At the legislature's budget committee last week, Barraga laid out a multipronged proposal he said could generate more than $100 million in revenue. He offered his plan at the same meeting at which legislative budget analysts warned that Suffolk could run out of cash by April due to delays in state aid payments and other issues.
"Everyone's painting a doom-and-gloom picture," said Barraga, "but this could change things dramatically." He noted that Suffolk doesn't face the depth of problems confronting Nassau, "and we have the means to effectively close the gap without raising taxes."
Barraga, 68, has credibility in part because his credentials as a fiscal conservative are as strong as Levy's. Over the past 34 years, the ex-Marine has held elected office at the town, county and state levels. That included a stint as ranking minority member of the Assembly Ways and Means Committee in Albany. Never bashful about speaking his mind, or uncomfortable about straying away from the GOP caucus, Barraga nonetheless has shown himself to be savvy about what is politically possible.
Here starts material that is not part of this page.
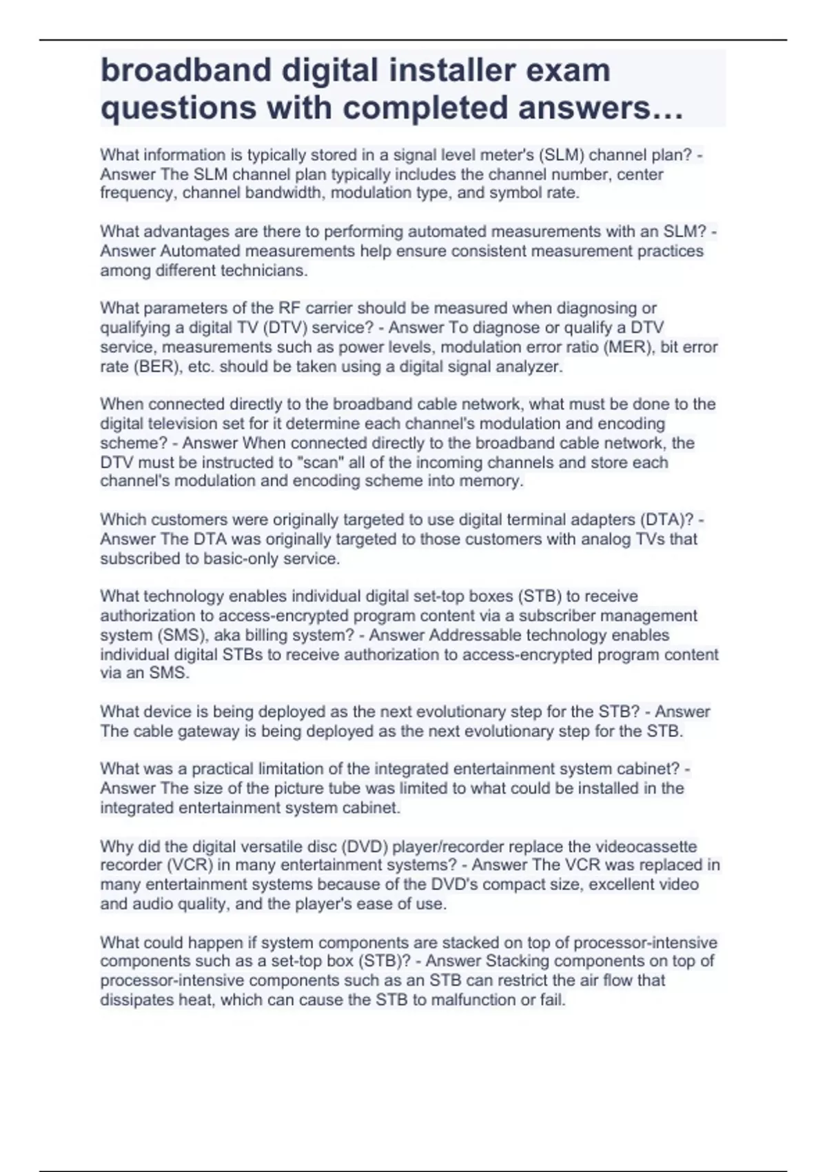 broadband digital installer exam questions with completed answers…,Broadband Digital Installer Exam (NCTI) Questions With Solved Answers..,Broadband Premises Troubleshooting 1,NCTI BDI (Final Review) Q & A Rated 100% Correct!!,33403 Broadband Systems (Concept Checks & Review Questions) Answered!!

Barraga wants Suffolk to sell the rights to the remaining 25 percent of tobacco settlement revenue that is due the county from a multistate lawsuit. That would generate some $33 million, he says.
Barraga also says the county should use its entire rainy-day fund, which currently has $60 million. Levy, however, wants to use $12 million of the fund to pay bills for Tropical Storm Irene, until federal aid comes in.
Instead of threatening layoffs if the county's 10,000 workers refuse to agree to pay 25 percent of health care premiums, Barraga wants Suffolk to press unions for deferral of two-weeks' pay. Immediate savings would be worth about $32 million, and workers would get the money when they retire or leave the county, Barraga said.
Meanwhile, Barraga says Suffolk should seek a 25 percent share of health premiums only from newly hired workers. "I think the unions see the handwriting on the wall," about the need to pick up some of their health care costs, he said. However, "What's on the table is not going to fly" with them, Barraga said.
Levy spokesman Mark Smith conceded Barraga's "rock-solid" standing as a fiscal conservative. Nonetheless, Levy opposes Barraga's plan, preferring "real, recurring savings . . . from requiring employee health care premiums," Smith said. "Use of the [rainy-day] fund and other one-shots lets the unions off the hook and will lead to a downgrading of our historic high bond ratings."
Presiding Officer William Lindsay (D-Holbrook) said some of Barraga's "ideas have merit, but much of what he is talking about [involves] one-shots, which is not the most appealing way to go." But he agreed the county should avoid layoffs.
Still, Barraga's proposal remains the most concrete Republican offering in play. Two weeks ago, a GOP news conference fell flat after Suffolk Treasurer Angie Carpenter, the party's county executive candidate, declined to endorse a $65 million plan to sell off liens on unpaid taxes. GOP minority leader John M. Kennedy Jr. (R-Nesconset) then promised to deliver a new GOP budget initiative last Tuesday -- the same day Barraga released his proposal -- but that plan has yet to materialize.
Kennedy said Barraga's proposals likely will form part of both the final GOP budget plan and the legislature's ultimate budget package.
"Laying off hundreds of people is completely unnecessary, and I would consider it a personal failure of leadership if that should happen," Barraga said. "How would that grow Suffolk's economy?"